例えば、産前産後休業開始が7月22日、終了日が10月27日の場合、免除期間は7~9月です。産後休業が10月31日までだった場合は、免除期間は7~10月となります。
産休申請書を提出することで、社会保険料が免除され、なおかつ、将来は加入を継続していた場合と同等の年金を受け取れます。もちろん、健康保険を使用することも可能です。
なお、社会保険料のうち、雇用保険料は免除制度がありません。しかし、雇用保険は支給される給与の額に応じて金額が決まります。産休中は基本的に無給のため、そもそも雇用保険料は発生しません。

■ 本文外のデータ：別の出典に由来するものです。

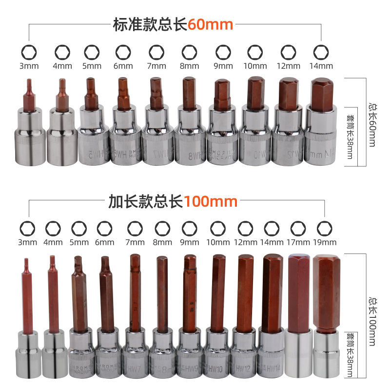 Electric screwdriver special large fly lengthened screwup sleeve suit inner hexagonal pressure batch quick wrench batch head screwing tool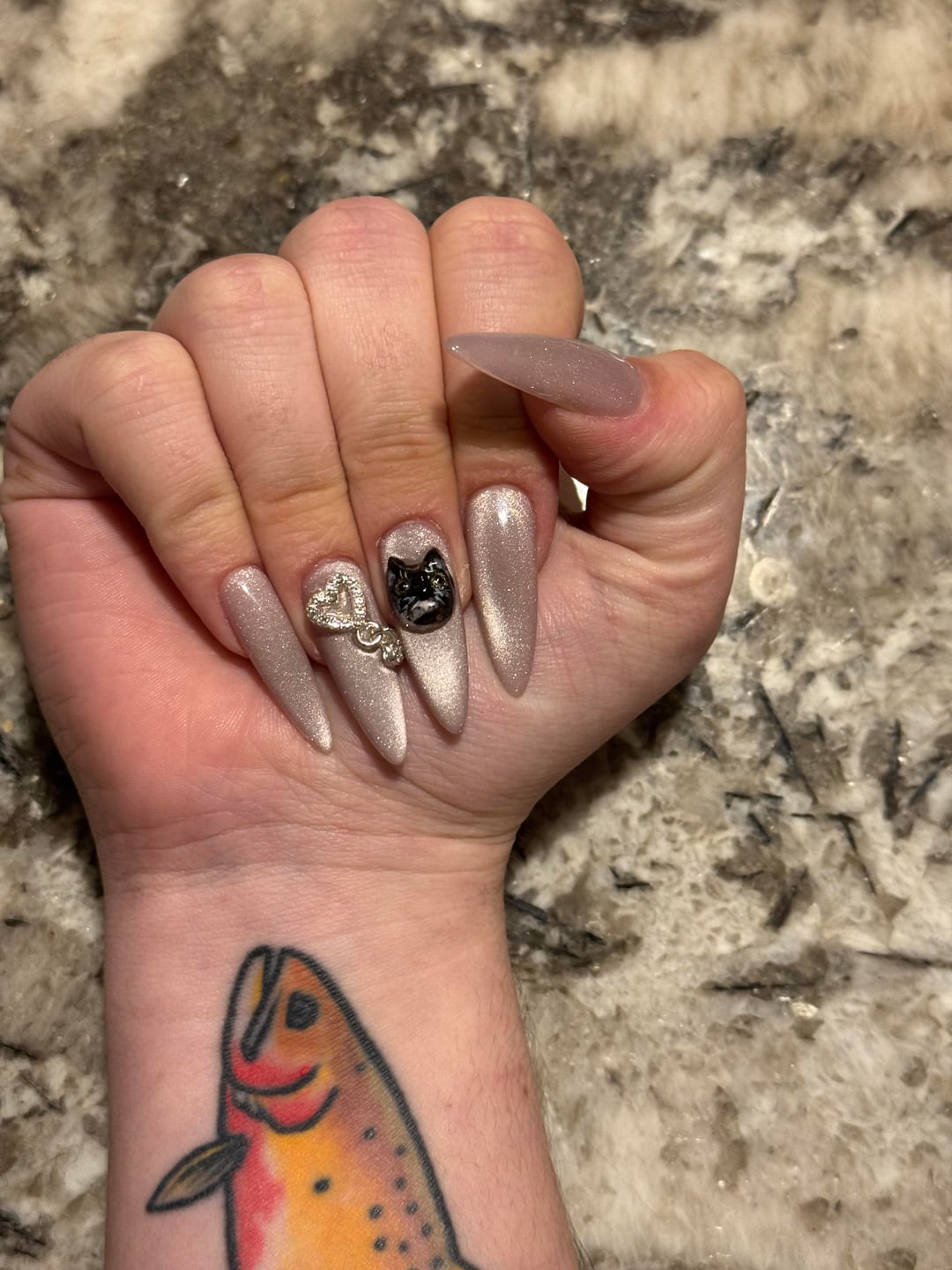 Some smearing from the top coat sadly, but i think theyre cute (pre cuticle oil so dry skin from the acetone)

従業員が記入した産休申請書は、事業主が提出を行います。事業主側が書類を用意して、従業員に記入してもらいましょう。
産休申請書の提出先や提出時期
産休申請書は、日本年金機構の事務センターまたは管轄の年金事務所に、事業主が提出します。産休期間中、または産休終了日から1か月以内に手続きを行わなければなりません。提出方法は、電子申請、郵送、窓口への持ち込みのいずれかです。

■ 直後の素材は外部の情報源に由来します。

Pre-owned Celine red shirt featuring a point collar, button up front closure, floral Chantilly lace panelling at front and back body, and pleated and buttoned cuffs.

企業が加入している健康保険組合が協会けんぽの場合、日本年金機構への手続きだけを行えば、年金と健康保険の両方が免除されます。しかし、その他の健康保険組合に加入している場合は、別途それぞれの健康保険組合に対する手続きが必要です。申請書の様式や提出方法、提出期限などについては、別途健康保険組合に確認してください。
なお、産休申請書はあくまでも社会保険料の免除を受けるための書類です。出産手当金を申請するための書類は、別途健康保険組合に提出しなければいけません。「健康保険出産手当金支給申請書」という別の書類となるので、混同しないように注意してください。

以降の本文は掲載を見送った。